德拉韦综合征是一种严重的儿童耐药癫痫。这种情况的主要病因与SCN1A基因内的新生突变有关，该基因编码NaV1.1钠通道的α亚基。这种功能障碍导致gaba能中间神经元的低兴奋性。反过来，gaba能中间神经元的电兴奋性丧失导致许多神经回路中兴奋超过抑制的不平衡。值得注意的是，当非选择性钠通道阻滞剂用于德拉韦患者时，观察到症状加重。最近在Dravet动物模型中的研究强调了高特异性钠通道阻滞剂的潜力，这些阻滞剂能够阻断其他钠通道亚型而不抑制NaV1.1电流和NaV1.1的选择性激活剂作为缓解Dravet综合征症状的可行治疗策略。在这里，我们描述了基于配体的机器学习模型的开发和验证，以识别对钠通道异构体NaV1.1和NaV1.2具有抑制作用的配体。这些模型是基于内部开源程序和莫德雷德分子描述符建立的。首先，使用特征bagging和正向逐步选择相结合来推断线性分类器。其次，应用集成学习构建预测能力提高的元分类器，并通过回顾性筛选实验对其性能进行检验。经过计算机验证后，这些模型被应用于筛选药物再利用的机会，在DrugBank和drug repurposing Hub数据库中，以确定没有NaV1.1阻断活性的NaV1.2选择性阻断剂，作为治疗Dravet综合征的潜在化合物。后来在前瞻性筛选实验中确定了40个硅命中。其中四种药物通过膜片钳获得并提交实验确认：其中三种候选药物，Eltrombopag， Sufugolix和Glesatinib，显示出对NaV1.2电流的阻断作用，尽管没有观察到亚型选择性。NaV1.1和NaV1.2模型的不同预测能力可能归因于用于训练和验证各自模型的数据集的不同大小。

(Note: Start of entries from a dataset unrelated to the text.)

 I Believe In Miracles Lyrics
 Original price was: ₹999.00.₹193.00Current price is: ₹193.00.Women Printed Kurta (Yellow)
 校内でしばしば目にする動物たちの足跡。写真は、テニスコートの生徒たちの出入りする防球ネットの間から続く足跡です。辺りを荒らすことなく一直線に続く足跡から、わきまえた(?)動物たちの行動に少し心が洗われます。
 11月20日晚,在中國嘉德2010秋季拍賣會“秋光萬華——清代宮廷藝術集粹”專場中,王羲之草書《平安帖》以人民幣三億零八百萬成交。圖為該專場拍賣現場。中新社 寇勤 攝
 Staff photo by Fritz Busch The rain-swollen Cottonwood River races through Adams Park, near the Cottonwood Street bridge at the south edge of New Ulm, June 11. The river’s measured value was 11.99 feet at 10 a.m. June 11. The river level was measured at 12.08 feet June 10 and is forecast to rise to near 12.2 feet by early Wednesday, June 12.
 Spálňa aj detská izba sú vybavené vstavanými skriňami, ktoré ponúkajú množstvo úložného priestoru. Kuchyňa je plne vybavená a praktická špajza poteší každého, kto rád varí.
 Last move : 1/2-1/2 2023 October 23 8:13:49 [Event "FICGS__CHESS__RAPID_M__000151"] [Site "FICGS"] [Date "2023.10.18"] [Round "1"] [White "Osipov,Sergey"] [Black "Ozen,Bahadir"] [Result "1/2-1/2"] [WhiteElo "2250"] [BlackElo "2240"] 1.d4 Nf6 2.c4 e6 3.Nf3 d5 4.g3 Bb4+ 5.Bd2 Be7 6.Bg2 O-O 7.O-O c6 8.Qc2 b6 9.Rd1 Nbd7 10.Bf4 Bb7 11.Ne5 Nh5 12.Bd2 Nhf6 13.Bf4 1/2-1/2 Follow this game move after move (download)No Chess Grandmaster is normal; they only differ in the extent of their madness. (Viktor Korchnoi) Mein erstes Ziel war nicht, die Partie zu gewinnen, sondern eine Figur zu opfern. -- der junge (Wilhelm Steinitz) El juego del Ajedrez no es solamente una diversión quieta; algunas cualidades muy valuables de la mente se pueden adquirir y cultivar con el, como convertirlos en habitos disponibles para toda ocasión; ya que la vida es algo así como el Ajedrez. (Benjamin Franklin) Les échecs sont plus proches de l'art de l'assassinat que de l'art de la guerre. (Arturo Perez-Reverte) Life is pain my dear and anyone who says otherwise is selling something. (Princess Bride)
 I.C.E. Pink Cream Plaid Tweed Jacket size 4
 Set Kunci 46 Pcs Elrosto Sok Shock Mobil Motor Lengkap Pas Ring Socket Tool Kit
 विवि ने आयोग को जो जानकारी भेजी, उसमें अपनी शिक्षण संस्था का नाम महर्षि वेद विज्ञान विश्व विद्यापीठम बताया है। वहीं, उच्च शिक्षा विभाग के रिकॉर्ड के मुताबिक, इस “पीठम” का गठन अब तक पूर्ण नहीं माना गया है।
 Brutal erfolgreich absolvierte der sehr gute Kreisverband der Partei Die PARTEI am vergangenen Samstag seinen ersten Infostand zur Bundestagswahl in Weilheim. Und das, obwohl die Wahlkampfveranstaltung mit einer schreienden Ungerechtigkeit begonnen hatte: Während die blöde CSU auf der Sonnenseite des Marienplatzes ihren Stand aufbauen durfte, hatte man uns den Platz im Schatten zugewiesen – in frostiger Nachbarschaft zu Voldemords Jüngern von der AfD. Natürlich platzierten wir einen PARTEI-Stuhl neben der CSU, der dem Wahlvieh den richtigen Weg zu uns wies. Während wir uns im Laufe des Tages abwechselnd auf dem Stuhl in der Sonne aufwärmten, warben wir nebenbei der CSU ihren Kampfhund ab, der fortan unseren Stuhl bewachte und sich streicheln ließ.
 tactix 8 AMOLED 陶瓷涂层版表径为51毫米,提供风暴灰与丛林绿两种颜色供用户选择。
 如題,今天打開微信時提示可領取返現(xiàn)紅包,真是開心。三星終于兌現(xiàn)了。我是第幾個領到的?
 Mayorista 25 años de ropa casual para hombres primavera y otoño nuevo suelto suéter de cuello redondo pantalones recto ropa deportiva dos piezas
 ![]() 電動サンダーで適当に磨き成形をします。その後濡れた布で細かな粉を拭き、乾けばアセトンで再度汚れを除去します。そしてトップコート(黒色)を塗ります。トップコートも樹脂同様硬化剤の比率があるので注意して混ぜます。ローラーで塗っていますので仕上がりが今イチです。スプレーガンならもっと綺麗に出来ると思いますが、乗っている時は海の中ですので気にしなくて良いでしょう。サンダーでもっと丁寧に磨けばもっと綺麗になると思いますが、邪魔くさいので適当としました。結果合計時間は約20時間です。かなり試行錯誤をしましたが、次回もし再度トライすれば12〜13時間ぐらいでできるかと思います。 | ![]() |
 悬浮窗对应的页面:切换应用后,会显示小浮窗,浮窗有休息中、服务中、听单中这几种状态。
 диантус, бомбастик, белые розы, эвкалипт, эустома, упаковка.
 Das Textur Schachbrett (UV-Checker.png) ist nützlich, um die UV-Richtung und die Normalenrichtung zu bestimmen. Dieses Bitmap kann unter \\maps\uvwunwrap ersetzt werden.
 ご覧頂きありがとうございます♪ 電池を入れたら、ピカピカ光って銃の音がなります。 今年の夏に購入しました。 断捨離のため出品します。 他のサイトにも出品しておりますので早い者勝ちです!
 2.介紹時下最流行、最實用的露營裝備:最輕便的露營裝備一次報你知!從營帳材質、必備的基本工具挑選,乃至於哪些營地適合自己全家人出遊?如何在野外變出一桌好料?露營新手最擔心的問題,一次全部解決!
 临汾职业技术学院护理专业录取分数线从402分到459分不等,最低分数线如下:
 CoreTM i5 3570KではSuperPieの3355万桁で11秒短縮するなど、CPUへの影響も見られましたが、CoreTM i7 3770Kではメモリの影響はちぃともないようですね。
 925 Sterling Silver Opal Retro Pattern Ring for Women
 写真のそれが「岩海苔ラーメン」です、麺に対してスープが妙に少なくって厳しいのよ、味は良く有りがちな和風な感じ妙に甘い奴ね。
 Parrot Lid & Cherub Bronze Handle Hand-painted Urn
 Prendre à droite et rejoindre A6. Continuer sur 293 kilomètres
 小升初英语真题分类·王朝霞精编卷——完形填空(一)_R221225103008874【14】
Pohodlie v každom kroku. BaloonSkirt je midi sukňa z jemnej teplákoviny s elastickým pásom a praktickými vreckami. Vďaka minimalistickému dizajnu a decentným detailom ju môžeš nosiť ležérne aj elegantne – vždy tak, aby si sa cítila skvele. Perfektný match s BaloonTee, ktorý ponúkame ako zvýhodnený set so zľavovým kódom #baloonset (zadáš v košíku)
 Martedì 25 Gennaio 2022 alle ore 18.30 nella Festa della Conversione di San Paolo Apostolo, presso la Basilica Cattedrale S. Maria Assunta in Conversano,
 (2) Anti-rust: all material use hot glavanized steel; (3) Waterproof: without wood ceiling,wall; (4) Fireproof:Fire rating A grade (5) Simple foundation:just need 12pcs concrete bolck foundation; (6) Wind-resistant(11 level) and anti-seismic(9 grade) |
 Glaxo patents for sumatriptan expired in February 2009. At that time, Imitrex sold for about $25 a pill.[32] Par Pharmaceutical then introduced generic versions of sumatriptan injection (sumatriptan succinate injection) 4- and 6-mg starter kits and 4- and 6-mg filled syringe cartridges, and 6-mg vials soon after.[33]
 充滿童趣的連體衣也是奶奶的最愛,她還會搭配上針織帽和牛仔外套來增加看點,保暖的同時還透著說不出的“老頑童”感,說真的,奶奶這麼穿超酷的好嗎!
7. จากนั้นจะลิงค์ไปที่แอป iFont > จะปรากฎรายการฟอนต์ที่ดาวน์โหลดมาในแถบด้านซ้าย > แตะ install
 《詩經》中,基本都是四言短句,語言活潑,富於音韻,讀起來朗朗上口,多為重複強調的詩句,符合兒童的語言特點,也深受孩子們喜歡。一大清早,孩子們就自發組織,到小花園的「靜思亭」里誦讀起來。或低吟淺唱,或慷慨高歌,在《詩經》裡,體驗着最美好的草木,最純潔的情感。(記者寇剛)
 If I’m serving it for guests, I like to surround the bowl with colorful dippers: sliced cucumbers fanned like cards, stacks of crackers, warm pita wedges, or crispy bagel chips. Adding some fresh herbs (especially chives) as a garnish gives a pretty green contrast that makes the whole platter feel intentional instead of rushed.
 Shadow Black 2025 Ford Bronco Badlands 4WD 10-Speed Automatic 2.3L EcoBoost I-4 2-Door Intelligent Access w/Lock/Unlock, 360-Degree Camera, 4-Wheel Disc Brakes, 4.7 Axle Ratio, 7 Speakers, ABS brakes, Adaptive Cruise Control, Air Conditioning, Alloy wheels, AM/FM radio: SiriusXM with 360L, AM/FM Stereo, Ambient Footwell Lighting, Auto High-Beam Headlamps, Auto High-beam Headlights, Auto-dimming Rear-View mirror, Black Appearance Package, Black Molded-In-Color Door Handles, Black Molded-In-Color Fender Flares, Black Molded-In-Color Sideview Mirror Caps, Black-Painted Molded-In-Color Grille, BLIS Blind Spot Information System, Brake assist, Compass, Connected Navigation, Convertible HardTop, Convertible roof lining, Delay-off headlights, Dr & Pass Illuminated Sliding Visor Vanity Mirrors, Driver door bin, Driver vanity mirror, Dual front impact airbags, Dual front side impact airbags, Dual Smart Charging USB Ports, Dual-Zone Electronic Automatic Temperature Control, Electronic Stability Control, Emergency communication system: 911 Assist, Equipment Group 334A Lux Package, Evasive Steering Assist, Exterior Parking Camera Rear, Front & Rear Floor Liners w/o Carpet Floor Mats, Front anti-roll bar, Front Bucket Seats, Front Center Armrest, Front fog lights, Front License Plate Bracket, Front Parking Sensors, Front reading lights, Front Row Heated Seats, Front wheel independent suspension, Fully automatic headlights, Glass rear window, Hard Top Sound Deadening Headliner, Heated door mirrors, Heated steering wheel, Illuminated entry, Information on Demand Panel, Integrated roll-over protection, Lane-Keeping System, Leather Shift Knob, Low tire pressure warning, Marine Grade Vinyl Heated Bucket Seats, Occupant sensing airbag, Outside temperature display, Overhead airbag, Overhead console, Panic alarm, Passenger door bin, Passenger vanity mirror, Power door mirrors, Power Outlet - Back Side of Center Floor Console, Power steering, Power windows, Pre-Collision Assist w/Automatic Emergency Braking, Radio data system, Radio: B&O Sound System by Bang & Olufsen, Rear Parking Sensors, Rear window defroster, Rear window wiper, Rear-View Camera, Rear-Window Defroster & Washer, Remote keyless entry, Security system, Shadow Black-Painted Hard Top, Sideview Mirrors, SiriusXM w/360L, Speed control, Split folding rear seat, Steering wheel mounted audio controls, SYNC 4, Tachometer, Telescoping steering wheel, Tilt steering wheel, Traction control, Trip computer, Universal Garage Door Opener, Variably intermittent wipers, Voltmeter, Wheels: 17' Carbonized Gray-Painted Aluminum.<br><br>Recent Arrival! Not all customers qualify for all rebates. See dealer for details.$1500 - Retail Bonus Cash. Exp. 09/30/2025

本文章由计算机程序翻译，如有差异，请以英文原文为准。

求助全文

约1分钟内获得全文求助全文

来源期刊

Brain Research 医学-神经科学

CiteScore

5.90

自引率

3.40%

发文量

268

审稿时长

47 days

期刊介绍： An international multidisciplinary journal devoted to fundamental research in the brain sciences. Brain Research publishes papers reporting interdisciplinary investigations of nervous system structure and function that are of general interest to the international community of neuroscientists. As is evident from the journals name, its scope is broad, ranging from cellular and molecular studies through systems neuroscience, cognition and disease. Invited reviews are also published; suggestions for and inquiries about potential reviews are welcomed. With the appearance of the final issue of the 2011 subscription, Vol. 67/1-2 (24 June 2011), Brain Research Reviews has ceased publication as a distinct journal separate from Brain Research. Review articles accepted for Brain Research are now published in that journal.